No one wants to deal with 4000 lines of preprocessed source code if there is a better alternative, so I wrote a creduce script to find what some fairly minimal source code to trigger the bug would look like. It turns out that the problem can be reproduced in a rather tiny way: fn1() { __asm__(“” ::”r”(0), “i”(0 * 0)); }

This is a one-line file of C source code which uses inline assembly.
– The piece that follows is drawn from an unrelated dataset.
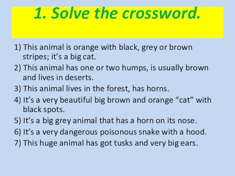1. Solve the crossword. 1) This animal is orange with black, grey or brown stripes; it’s a big cat.2) This animal has one or two humps, is usually brown and lives in deserts. 3) This animal
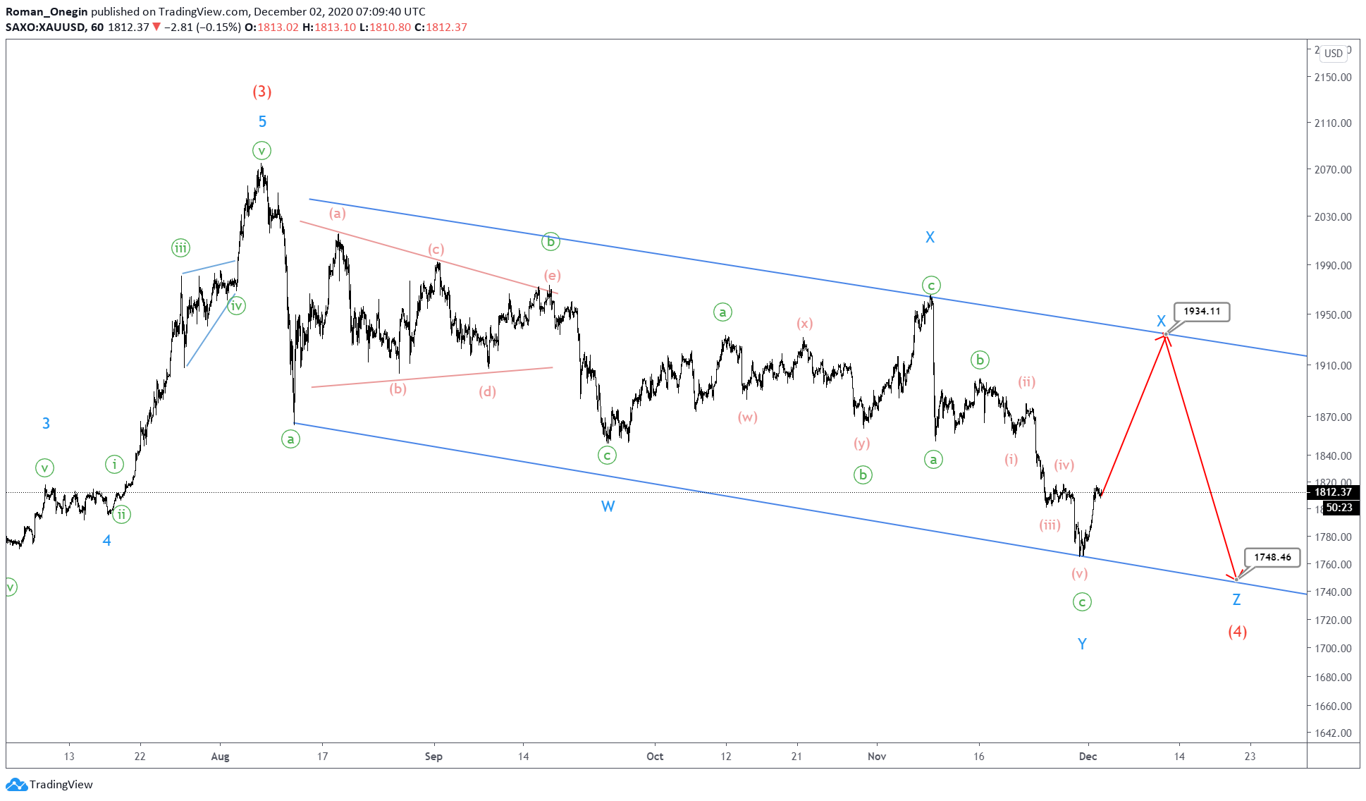 The intermediate correction wave (4) takes the form of a triple W-X-Y-X-Z zigzag. The first four parts of this triple combination have completed.

An acquaintance of mine asked for a detailed writeup, so here it is, in full detail, from narrowing down the problematic compiler flag combination onwards. If you are curious to see how to narrow down a bug like this by example, read on; otherwise, please skip the rest of this post.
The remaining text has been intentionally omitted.